Member of the U.S. House of Representatives from North Carolina
- In office March 4, 1825 – March 3, 1831
- Preceded by: George Outlaw
- Succeeded by: John Branch
- Constituency: 2nd district
- In office March 4, 1799 – March 3, 1815
- Preceded by: Thomas Blount
- Succeeded by: Joseph Hunter Bryan
- Constituency: 9th district (1799–1803) 2nd district (1803–1815)

Personal details
- Born: Willis Alston Jr. 1769 near Littleton, Province of North Carolina, British America
- Died: April 10, 1837 (aged 67–68) Halifax, North Carolina, U.S.
- Party: Jacksonian (since 1825)
- Other political affiliations: Federalist (until 1803) Democratic-Republican (1803–1825)
- Children: 1
- Relatives: Nathaniel Macon (uncle) James Boyd Hawkins (son-in-law)
- Occupation: Planter, politician

= Willis Alston =

American politician (1769–1837)

Willis Alston Jr. (1769 – April 10, 1837) was a politician and planter from North Carolina. A member of the Democratic-Republican Party and later a Jacksonian, he served as a U.S. representative in the 6th to the 13th Congresses (1799–1815) and the 19th to the 21st Congresses (1825–1831). He was the nephew of Nathaniel Macon.

==Early life==
Willis Alston was born in 1769 near Littleton in the Province of North Carolina.

==Career==
Alston engaged in agricultural pursuits at his slave plantation, Butterwood Plantation. He was elected to the North Carolina House of Commons in 1790 and served for two years; in 1794 he was elected to a single term in the North Carolina Senate.

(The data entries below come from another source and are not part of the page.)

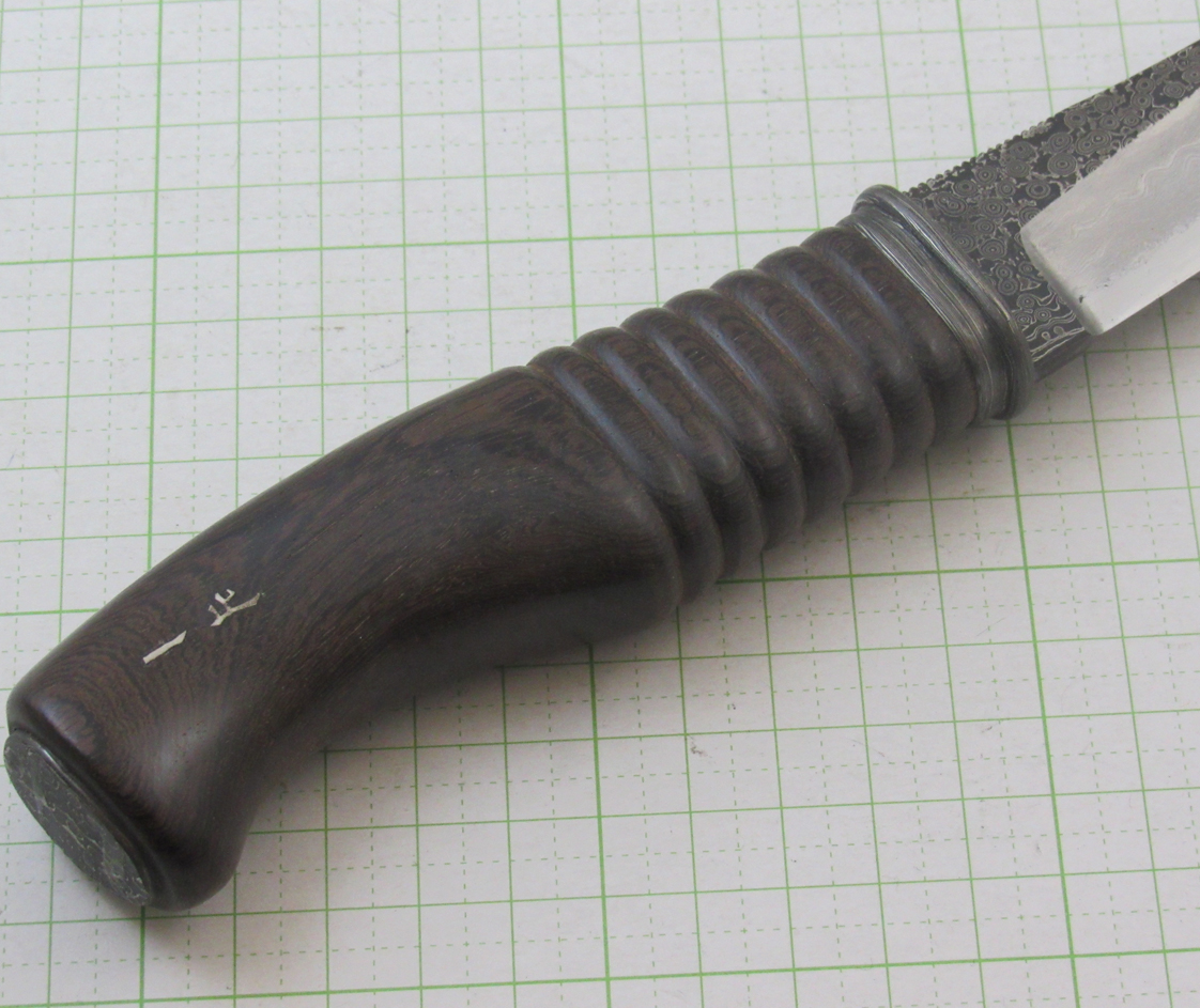 Bora K990 Steel Interrupt (Nickel Damascus) / Tagayasan Handle / Hilt (Nickel Silver Damascus) Blade Length 150mm / Handle Length 123mm / Blade Thickness 5.3mm / Weight 230g (Body Only) *Special Leather Sheath (Eggplant Can Included)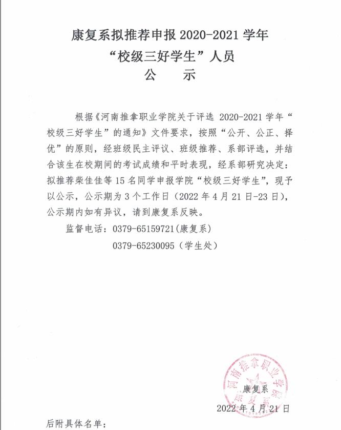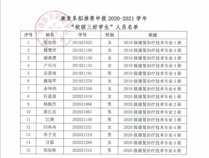 康复系2020-2021学年“校级三好学生”拟推荐人选公示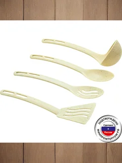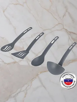 Набор лопаток для кухни 4 шт. с металлической ручкой 35см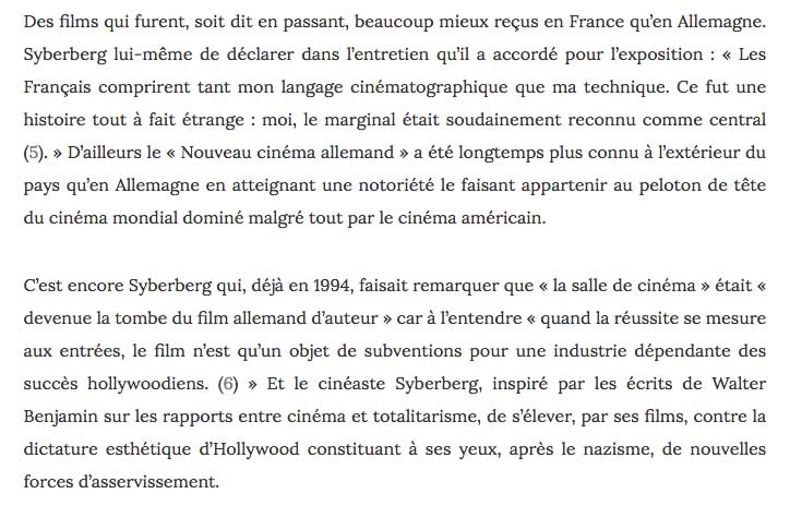 anlässlich der Ausstellung in der Akademie der schönen Künsten von München(Beat Presser Fotos und LvPlessen Texte)zur Zeit zur Erneuerung des deutschen Films nach dem Kriege in den 60er Jahren eine Stimme aus Frankreich noch mal. Wie sie das sehen von dort. Aus der automatischen Übersetzug im C.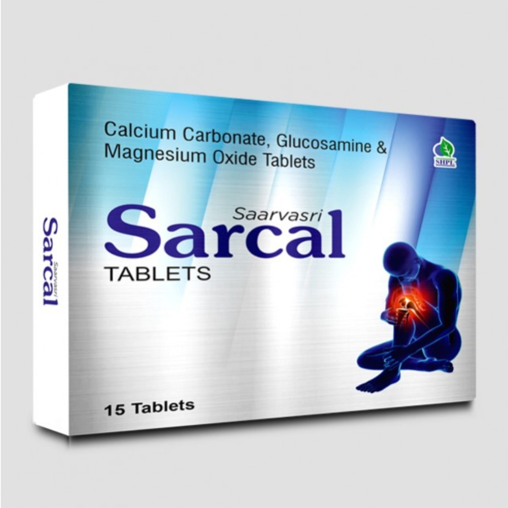 Description: The Saarvasri Sarcal Tablet is intended for individuals whose diets do not provide enough calcium to prevent or treat low blood calcium levels. A vital role for calcium exists in the body. It is required for the nerves, cells, muscles, and bones to function normally. The body will take calcium from bones if there is not enough calcium in the blood, weakening the bones in the process. Synovial fluid between bone joints and healthy joints are maintained by glucosamine.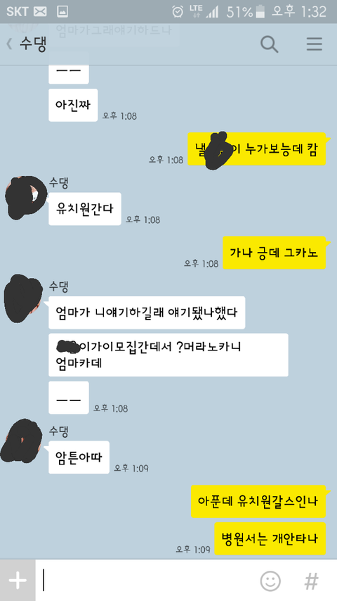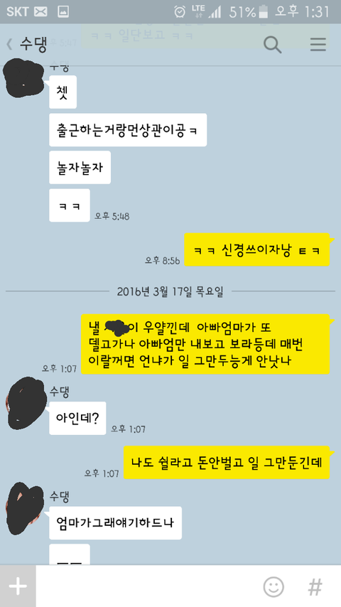 중간에 엄마한테 전화해서 언니는 유치원보낸다고 그랬다는데 왜 나한테 거짓말까지 하며 맡을려고하냐 걱정되더라도 제발 그러지말라하고 언니와 계속 대화했습니다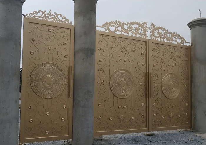 Cổng sắt CNC KD276 – họa tiết trống đồng và hoa văn mới thanh lịch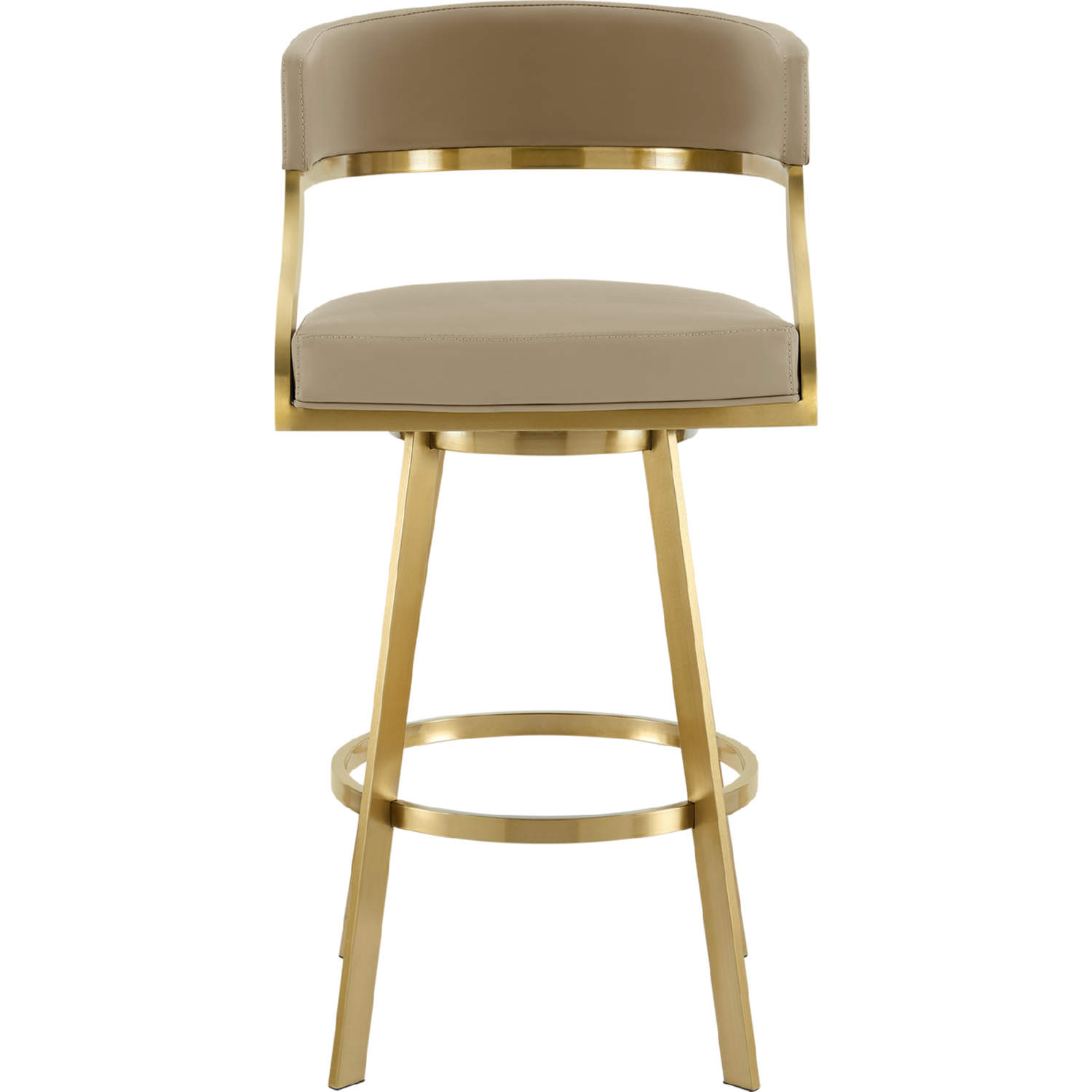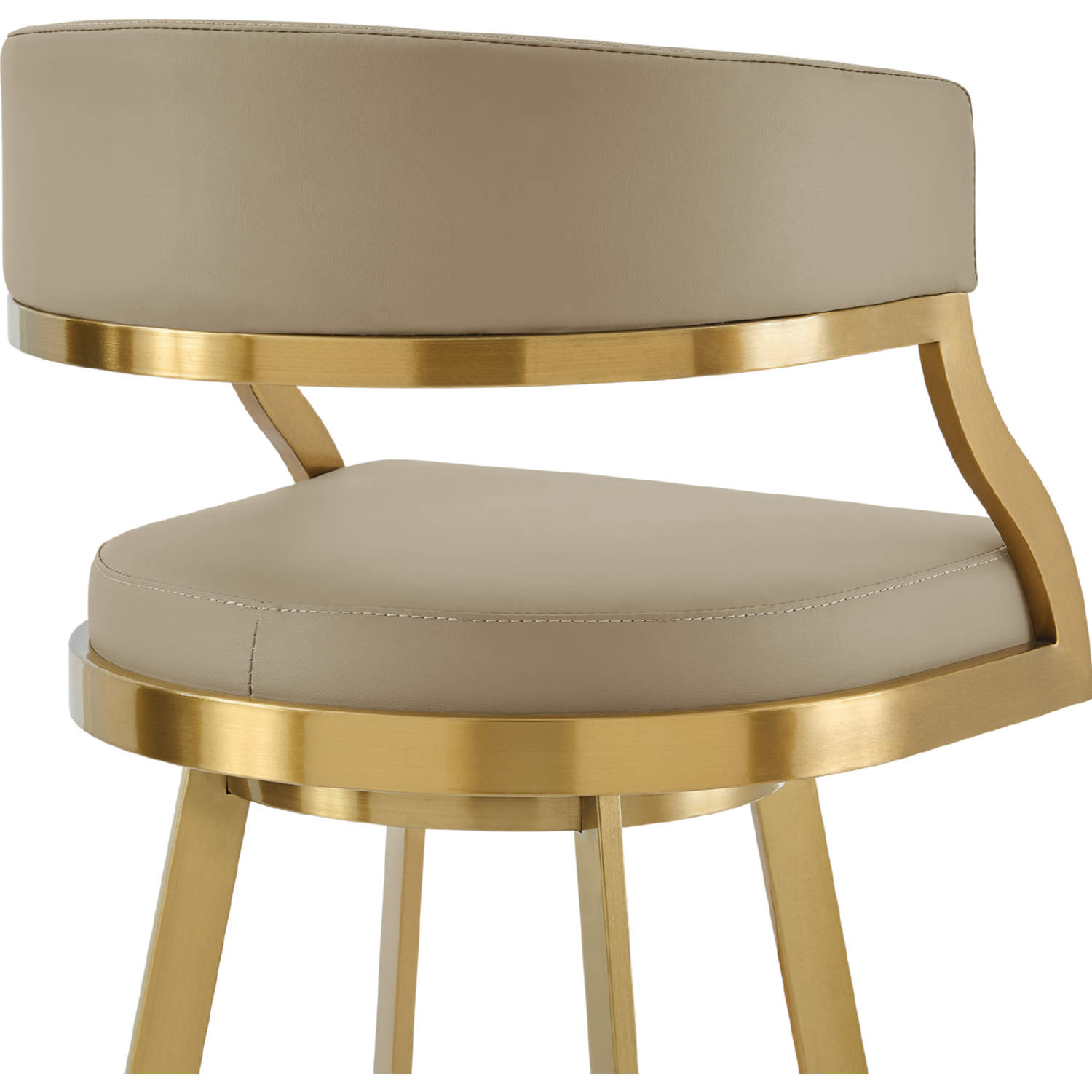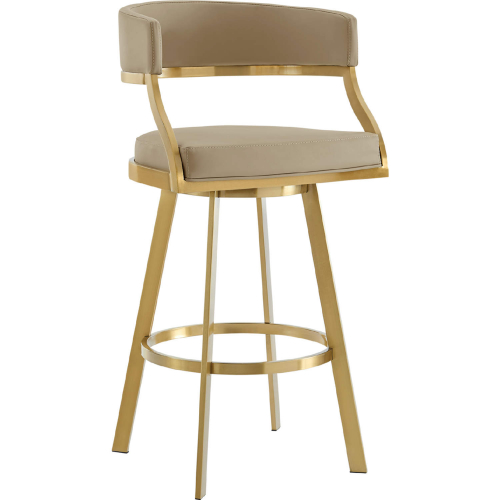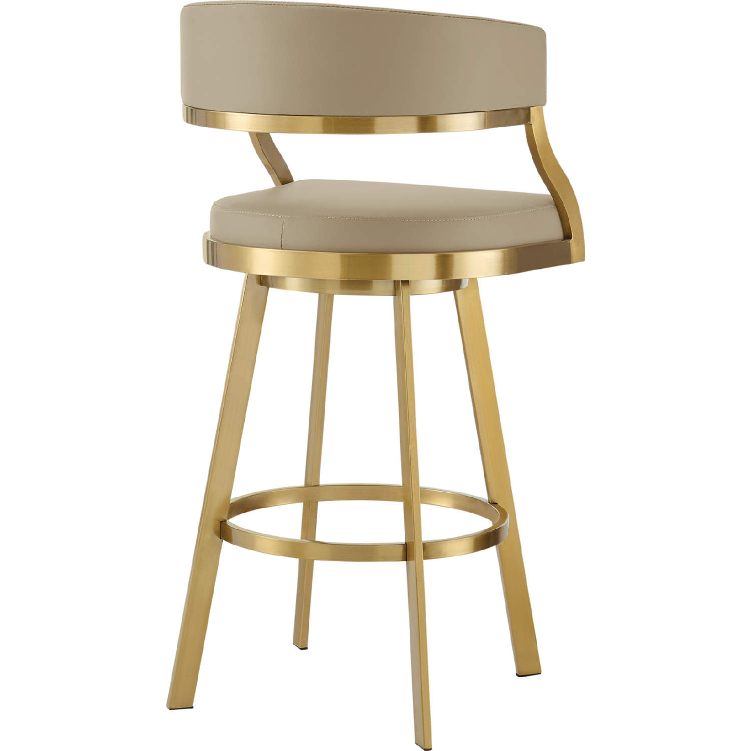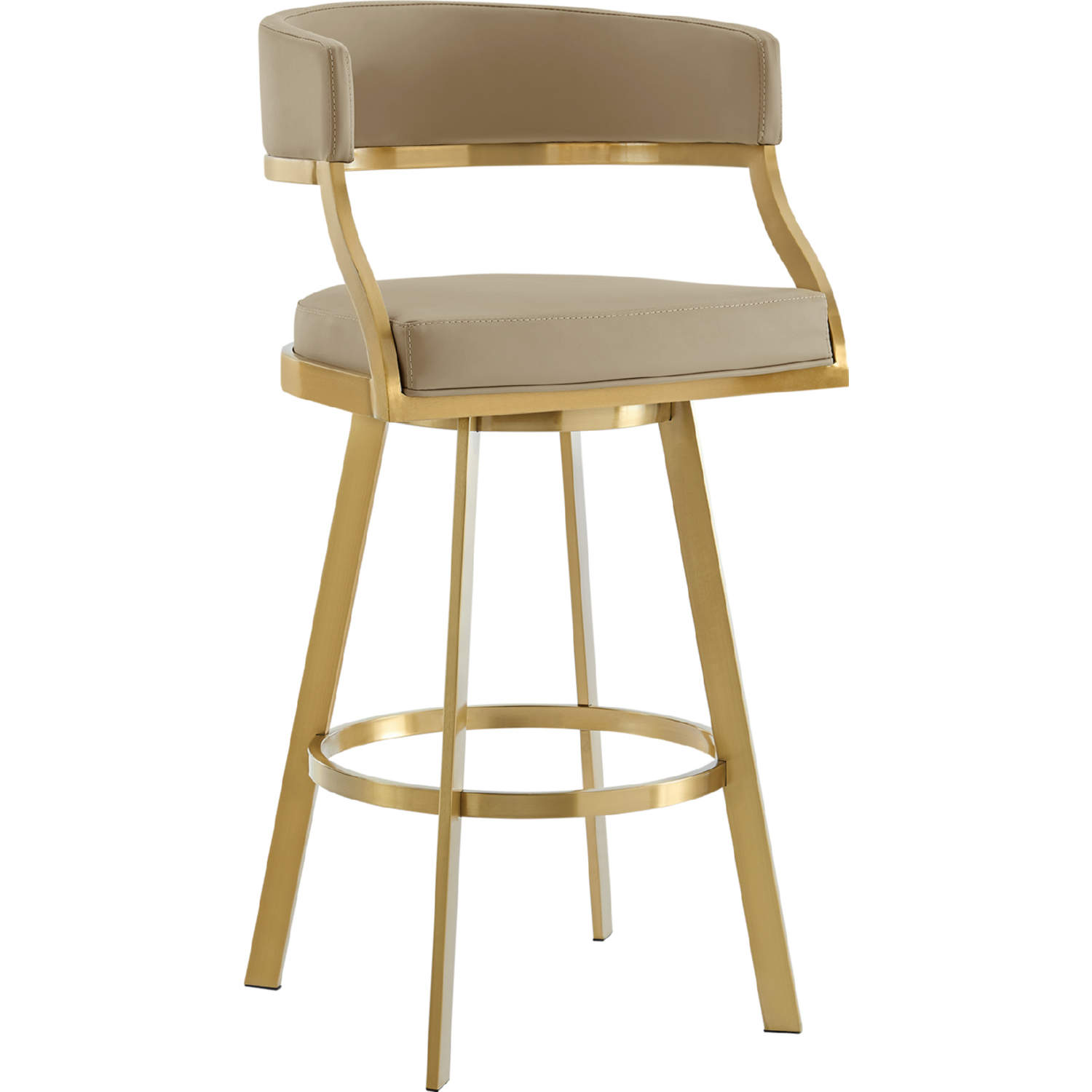 Armen Living LCSNSWBABGLLSA30 Saturn 30" Swivel Bar Stool Gold Brushed Stainless Steel Light Sand Leatherette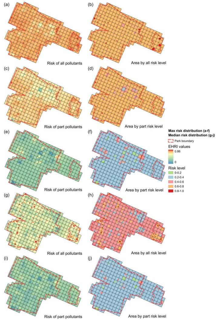 图7. 网格级EHRI在毒物逐步移除前后变化:全毒物(a,b)、移除无机物/金属(c,d)、追加移除top15有机毒物(e,f);中值条件对比(g-j)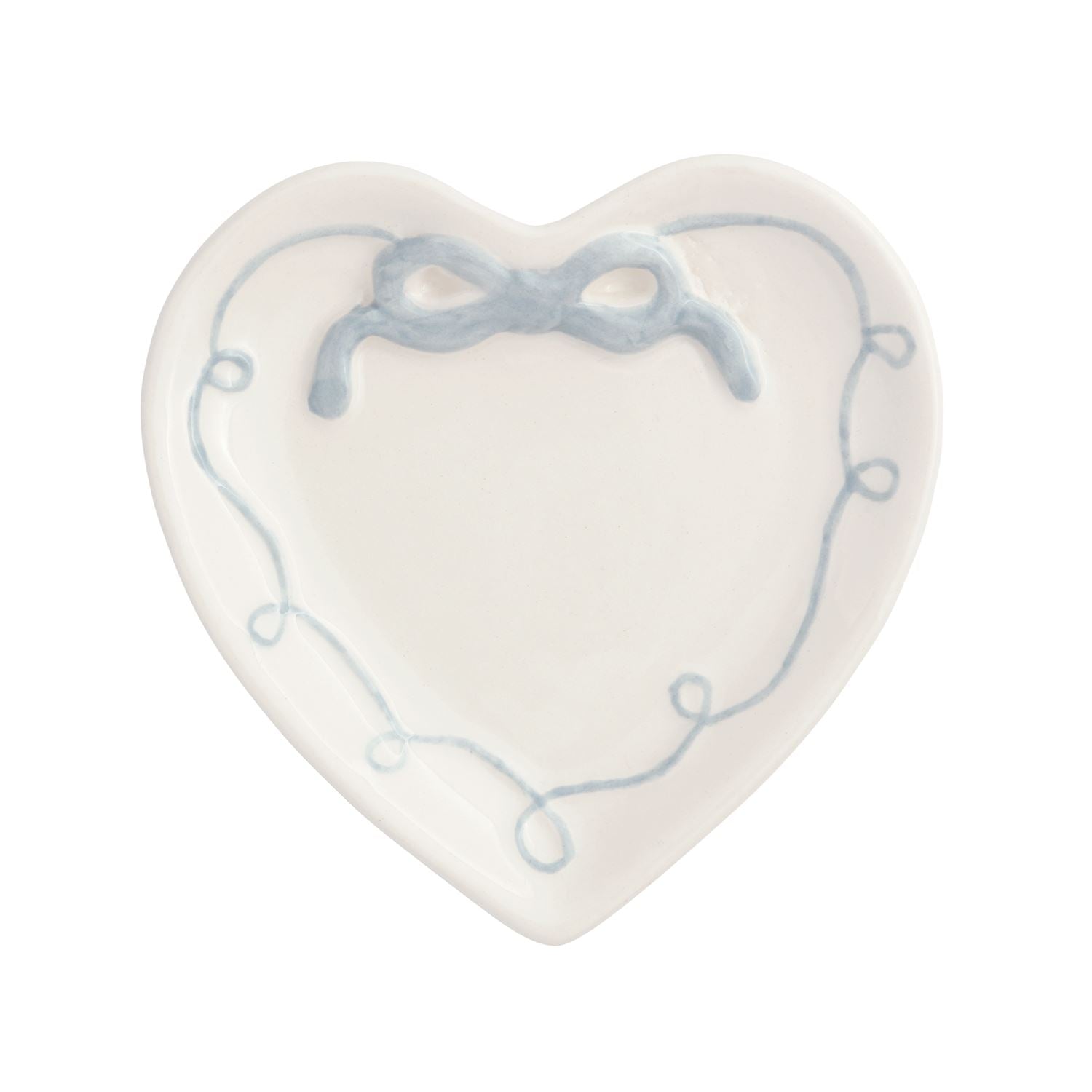 Ceramic ring dish features hand-painted, dimensional ceramic bow and ribbon detail around rim.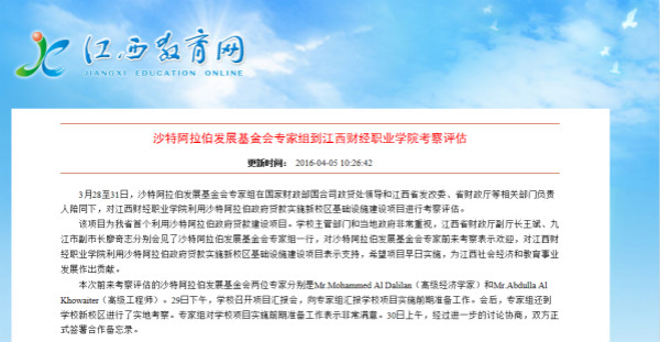 4月5号,江西省教育厅网站报道沙特阿拉伯发展基金会专家组到bat365考察评估。

In 1798, Alston was elected as a Federalist to the U.S. House, defeating incumbent Thomas Blount and two other candidates. Alston served from March 4, 1799, to March 4, 1815. Early in the Jefferson administration, Alston changed parties and became affiliated with the Republican Party. Local Federalists recruited former Gov. William R. Davie to challenge Alston in 1803, but Alston survived Davie's challenge. Alston chaired the House Committee on Revisal and Unfinished Business during the 13th U.S. Congress. In the election of April 1813, Alston defeated Daniel Mason, the Peace candidate, with the smallest margin of his re-election campaigns (56%-44%), and Alston retired at the end of the term.

He returned to the state House of Commons between 1820 and 1824, and then returned to Washington in 1825, elected as a Jacksonian Democrat. Serving three terms (March 4, 1825 – March 4, 1831), Alston chaired the Committee on Elections during the 21st Congress. He declined to seek re-election in 1830 and returned to agriculture.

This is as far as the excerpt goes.